The political crisis in Karnataka, which has shaken the foundations of the Congress-Janata Dal (Secular) coalition in the state, has been born of the Bharatiya Janata Party(BJP)’s sweeping victory in the 2019 Lok Sabha polls.
The ruling alliance’s defeat in all but two of the 28 parliamentary seats underscored a sea change in popular mood from last year’s assembly elections, which threw up a hung House. The Congress-JD(S) post-poll coalition seemed a masterstroke, which it perhaps was, in the run-up to the battle for power at the Centre between the BJP and its opponents.
The tie-up was celebrated, despite its share of manufacturing defects: the alliance partner’s turf war in south Karnataka; clashing ambitions of individual leaders; and their grossly incompatible temperaments.
The prime example of it all was former chief minister Siddaramaiah’s disdain for the Deve Gowda clan. Discomfited by the arrangement in which the CM’s office went to the junior partner at the expense of his incumbency, Siddaramaiah couldn’t reconcile to HD Kumaraswamy getting the post. Compared to the Congress’s 80, the JD(S) had just 37 legislators.
Siddaramaiah refused to see the writing on the wall even after the Lok Sabha debacle when the BJP won 25 of the 28 seats in the state.
People in the know say that the Cabinet overhaul now offered as a compromise to the rebels was suggested soon after the poll outcome. But the former CM persisted with his obstructionism.
The antipathy between Kumaraswamy and Siddaramaiah goes back to 2007. That was when Deve Gowda made his son the CM in the JD(S)-BJP coalition in which the alliance partners had divided power by rotating chief ministers, each with a stint of 20 months.
So upset was Siddaramaiah, a prominent Kuruba community leader, on being denied his weightier claim that he walked out of the JD (S) to launch AHINDA, a popular movement of the minorities, backwards and Dalits. The platform earned him the gravitas that prompted the Congress to woo him for a pivotal role.
In the meanwhile, the JD(S) broke ties with the BJP on taking its 20-month turn in the CM’s office. The 2008 polls saw the BJP’s BS Yeddyurappa riding on a sympathy vote to power as a Lingayat strongman betrayed by the state’s foremost Vokkaliga family.
In 2013, Siddaramaiah got the office he coveted. The wheel has since come full circle with his bête noire again the CM at his expense.
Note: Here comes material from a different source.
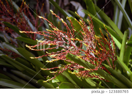 太陽自然光に紅色葉観葉植物のエクメア(マクロレンズ使用・自然光・接写写真)

Such a clash of ambition and history of discord prevented the coalition partners from crafting on the ground the social accord — between their respective vote bases — that would’ve ensured the longevity of their unlikely political partnership. The result: they failed in the very first electoral test they faced in tandem after the 2018 tactical pact.
Both parties have paid a heavy price for the rickety regime they ran after coming together. Like titans falling in their own coliseums, the Congress’s Mallikarjun Kharge lost the first popular battle of his political life in Gulbarga with Deve Gowda, the JD(S) patriarch, going down in Tumkur in south Karnataka.
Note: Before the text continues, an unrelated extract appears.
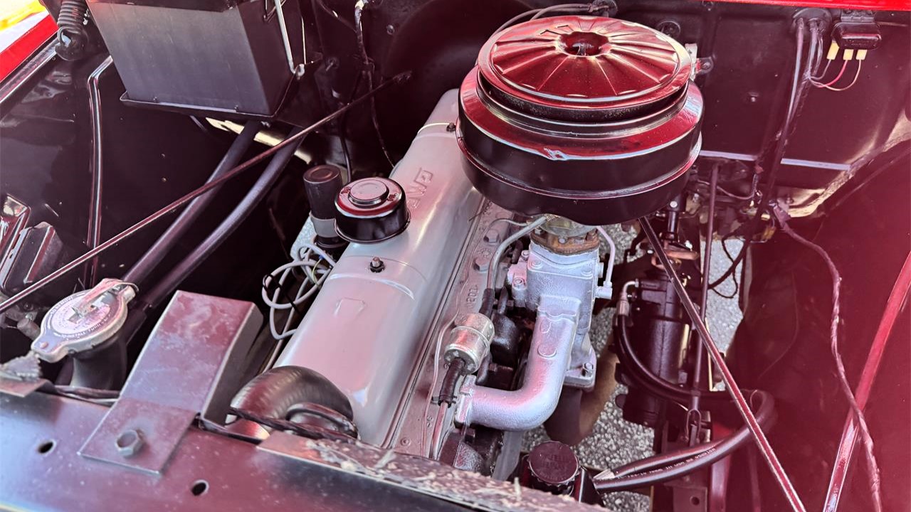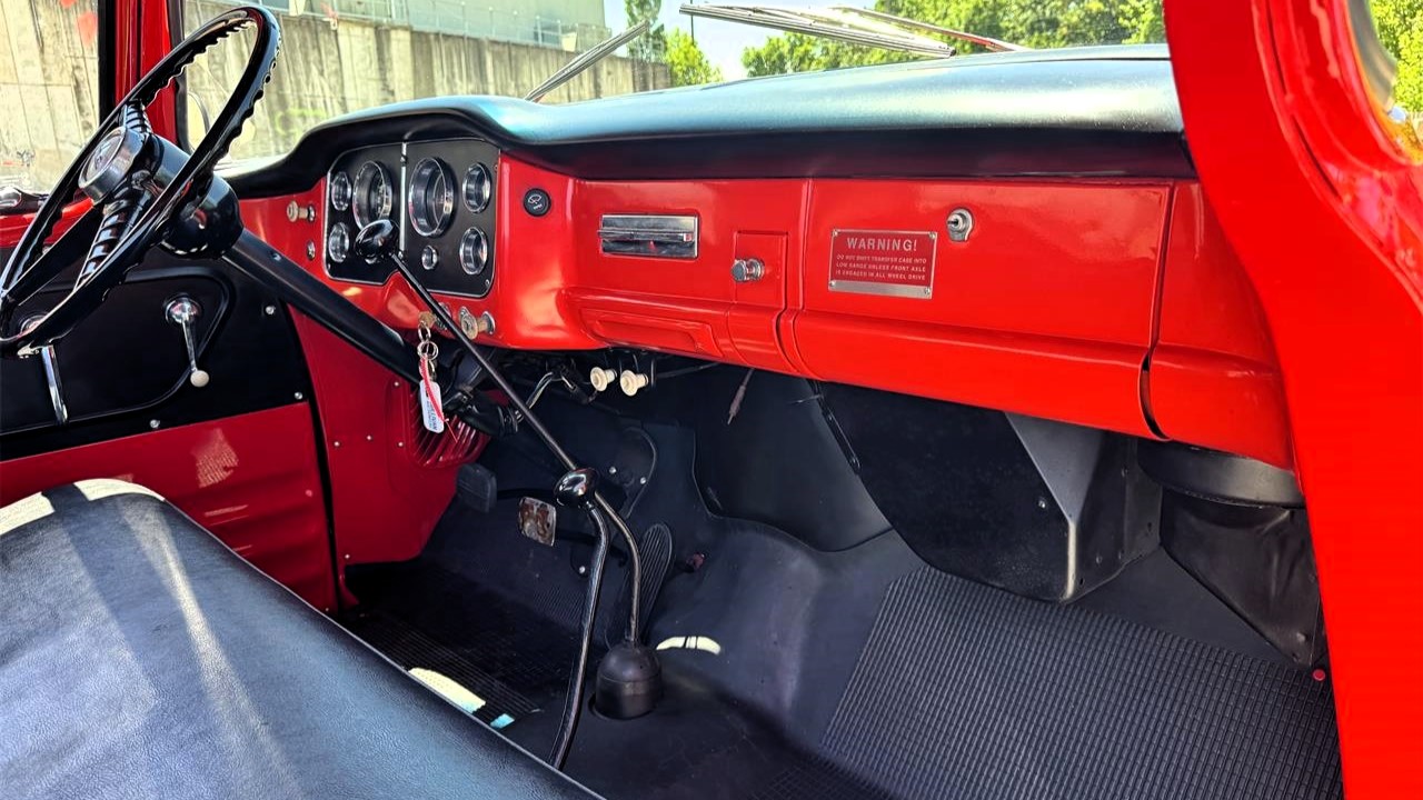 NAPCO trucks were built for demanding work and rough conditions, so they were typically beaten up on a daily basis—which isn’t conducive to a long life. Luckily, someone restored this 1956 Blue Chip truck, refinishing it in the charming combination of red with a white roof and white B-pillars/rear window surround as well as white bumpers. There are five white 16-inch wheels, including an external spare mounted on the driver side. Putting the spare on the outside of the bed not only makes this truck look cooler, but it also leaves more space to carry stuff on the bed’s tan wood planks.

The denouement they’ve faced isn’t dissimilar from the recently failed Samajwadi Party-Bahujan Samaj Party alliance — or the fate of Mayawati’s coalition regime with the BJP in Uttar Pradesh in the 1990s. In each of these cases, political experiments forced from the top did not find popular endorsement.
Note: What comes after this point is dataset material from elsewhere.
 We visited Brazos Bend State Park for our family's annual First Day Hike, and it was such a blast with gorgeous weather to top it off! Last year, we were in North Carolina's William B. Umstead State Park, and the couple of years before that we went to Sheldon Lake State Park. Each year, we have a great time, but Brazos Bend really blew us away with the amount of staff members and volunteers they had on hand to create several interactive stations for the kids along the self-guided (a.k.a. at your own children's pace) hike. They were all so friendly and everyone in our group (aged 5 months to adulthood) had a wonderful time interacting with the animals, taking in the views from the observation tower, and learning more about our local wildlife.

The real blow to the Karnataka joint venture is its rout in the Lok Sabha elections. No matter what transpires in the assembly, the electorate has delivered its no-confidence in the regime that stumbled from one crisis to another since its birth over a year ago.
From all available evidence, the existing assembly cannot conceive or deliver a stable regime. The BJP may deny its intent to hold fresh polls. But the logjam cannot be broken without reverting to the electorate.